= Terry Willers =

Terry Willers (1935 – 9 November 2011) was a cartoonist and comics artist in Ireland. He was born in Barnet in North London but spent most of his life in Ireland, living initially in Carrigower then for over 40 years in Rathdrum, both in County Wicklow. In 1992, he was the co-founder and chairman of the Guinness International Cartoon Festival, which ran for three years in Rathdrum. He was a winner of the Jacobs Award for his work for television.

Willers worked as an errand boy at a film studio in London when he was 15, then he joined British Disney magazine Mickey Mouse Weekly. At the age of 17 he was contributing the four-panel cartoon 'Tich' to TV Comic (1952-53). In 1959, he also contributed the cartoon Zip to Jack & Jill.

Around this time, Willers began working for the Marten Toonder Studio in the Netherlands, drawing 'Panda' and, from 1963, 'Tom Poes', a hugely popular newspaper strip created by Toonder in 1941. According to Lambiek, "he added a slapstick element to the strips, and intensified the absurdism in the artwork." The strip ran in the Dutch newspaper De Volkskrant and various regional papers until 1965. He then went to draw 'Kappie', the adventures of Captain Anne Wobke and the crew of his tug, the Kraak for three years. In 1968, he returned to 'Tom Poes', when he did a comic strip for Donald Duck comic. Willers also contributed briefly to British comics during this period, ghosting episodes of 'General Nitt and His Barmy Army' and 'Georgie's Germs' for Wham!.

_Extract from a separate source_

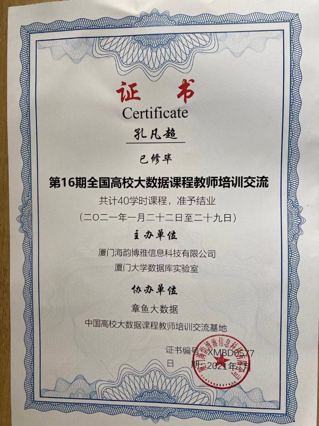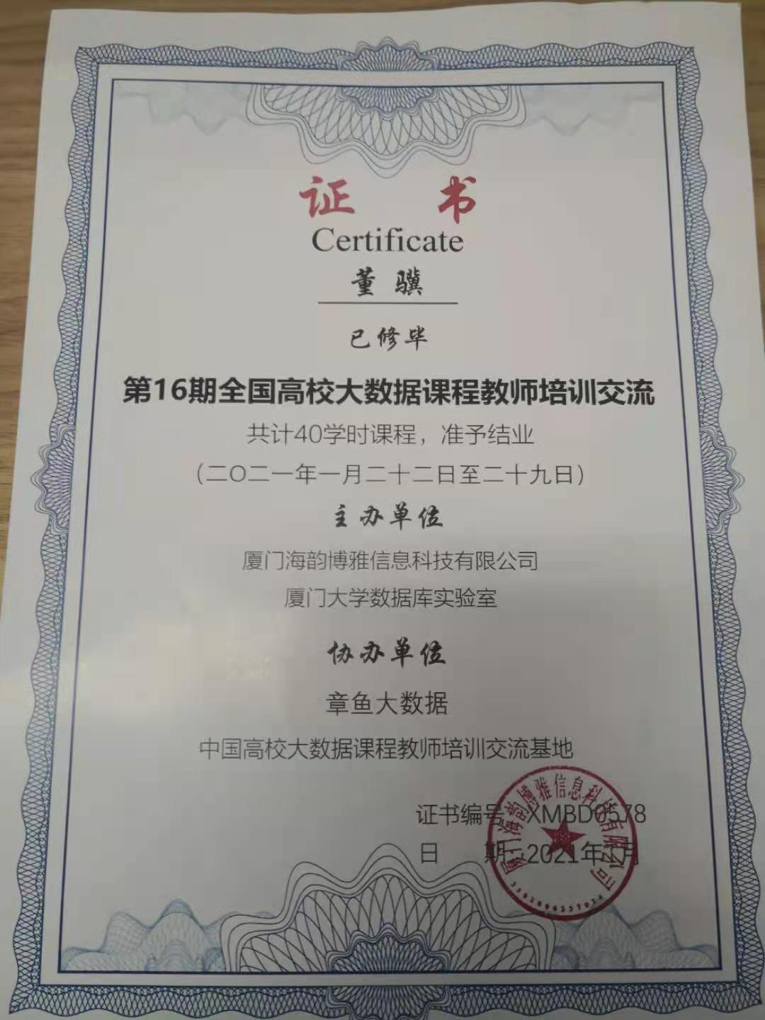 2021年1月22日至29日,由厦门海韵博雅信息科技有限公司联合章鱼大数据举办的“第16期全国高校大数据课程教师培训交流班(Hadoop+Spark综合班)”在厦门召开。本次培训交流班旨在为“加快中国高校大数据课程体系建设、促进中国高校大数据教学水平不断提升”做出积极贡献,邀请厦门大学云计算与大数据研究中心创始成员、高校大数据课程服务平台建设者、厦门大学计算机科学系副教授林子雨博士担任主讲教师。来自全国各大高等院校数据科学与大数据技术、计算机、软件工程等专业的科研、教学带头人,骨干教师参与了本次培训交流班。我院数据科学系青年教师孔凡超博士、董骥博士等参加了本次培训班。

Willers contributed in the 1970s and 1980s to the RTÉ television programmes, Hall's Pictorial Weekly, hosted by Frank Hall, and The Mike Murphy Show. He was also a prolific contributor to magazines, including the Farmer's Journal, Sunday Independent, Evening Herald and Wicklow People. In the 1990s, Willers contributed to The Yellow Press, an Irish anthology comic, and The Beano, drawing 'Minder Bird' in 1995.
He also illustrated several books, including Brian Power presents 'It's All Happening (1970), The TV Generation by Desmond Forristal (1970), Gift of the Gab! The Irish Conversation Guide by Tadhg Hayes (1996, later reprinted as The Wit of Irish Conversation), Twelve Days Of Chaos by Frank Kelly (1997) and Stop Howling At The Moon by Eamon O'Donnell (2007).

When he died aged 76, a posthumous appreciation in the Irish Independent said, "Nobody who encountered Terry in full flight in his persona as Rathdrum's cartoon ambassador to the world is likely to forget him...Terry must have had three hands because despite having a cigarette in one and a glass in the other, he was always drawing on any surface that held still -- even the walls of his beloved Cartoon Inn in Rathdrum village where so many of his exuberant productions are still proudly displayed." Willers was described as "a stylish and dapper dresser" who was never seen without a shirt and tie and "the sort of pastel blazer favoured by the gameshow host that he so resembled".

Writing in the Irish Times, fellow cartoonist Martyn Turner wrote, "He was always very happy and full of jokes and was an incredibly talented artist. Most cartoonists become cartoonists because they have to...but Terry could draw anything and everything. In many ways he was an artist more than he was a cartoonist."